# accumulate (:A)

**Syntax**

accumulate(func, X, [init], [consistent=false])

or

[init] <operator>:A X (where *conssitent* is false)

or

[init] <operator>:AC X (where *conssitent* is false)

or

func:A([init], X, [consistent=false])

**Arguments**

func is a function for iteration.

X is data or iteration rule.

init is the initial value to be passed to *func*.

consistent is a Boolean value specifying how the data types and forms of the iteration results are determined. The default value is false, meaning the data types and forms are determined by the result of each iteration. Otherwise, they are the same as the first output. Note that if the data forms of iteration results are different, consistent must be set to false.

**Details**

The `accumulate`

template applies *func* to *init* and *X* for accumulating iteration (i.e. the result of an iteration is passed forward to the next). Unlike the template `reduce`

that returns only the last result, the template `accumulate`

outputs result of each iteration.

(1) When *func* is a unary function, *X* can be a non-negative integer, a unary function or NULL. In all these cases, *init* must be specified.

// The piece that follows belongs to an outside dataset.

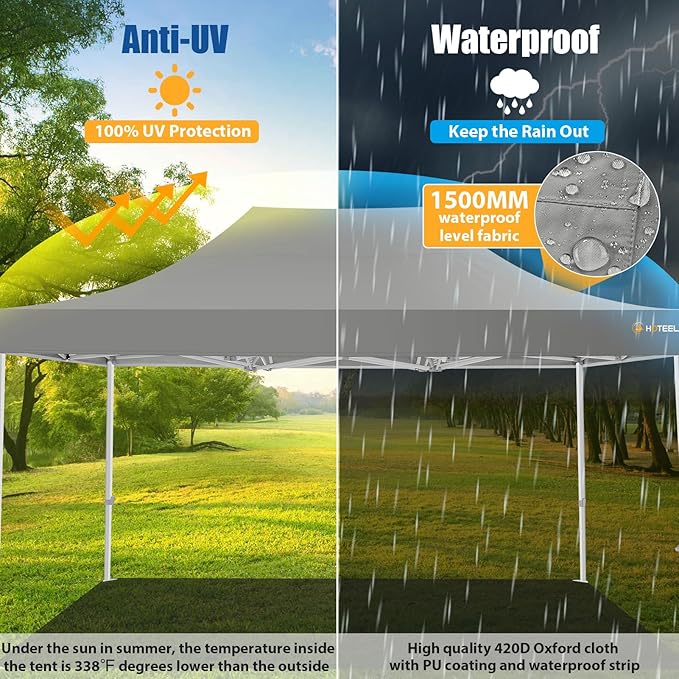 - ๐ใ๐๐ฉ๐ฉ๐ฅ๐ข๐๐๐๐ฅ๐ ๐ญ๐จ ๐๐๐ซ๐ข๐จ๐ฎ๐ฌ ๐๐๐๐๐ฌ๐ข๐จ๐ง๐ฌใ HOTEEL 10x15 heavy duty canopy tent provides 150 SQFT spacious covered space and 3 adjustable heights(134.6"-131.3"-128") for choice, accommodate up to 20 people. Perfect for wedding, birthday party, flea market, business, exhibition, sports competitions, art show, picnics and other events or use in beaches, garden, yards, street, ball field and more.

The function first returns *init* as the initial value, then applies func iteratively until a certain condition specified in *X* is satisfied.

If

*X*is an integer,*func*iterates*X*times, outputting (X+1) elements. Note that when*X*is negative, it is treated as 0.If

*X*is a unary function, it must return a Boolean value to determine the termination of iteration. The iteration continues until*X*returns false for the current output.If

*X*is unspecified or NULL, the iteration continues until the next output is the same as the current one.

(2) When *func* is a binary function, *X* can be a vector, matrix or table.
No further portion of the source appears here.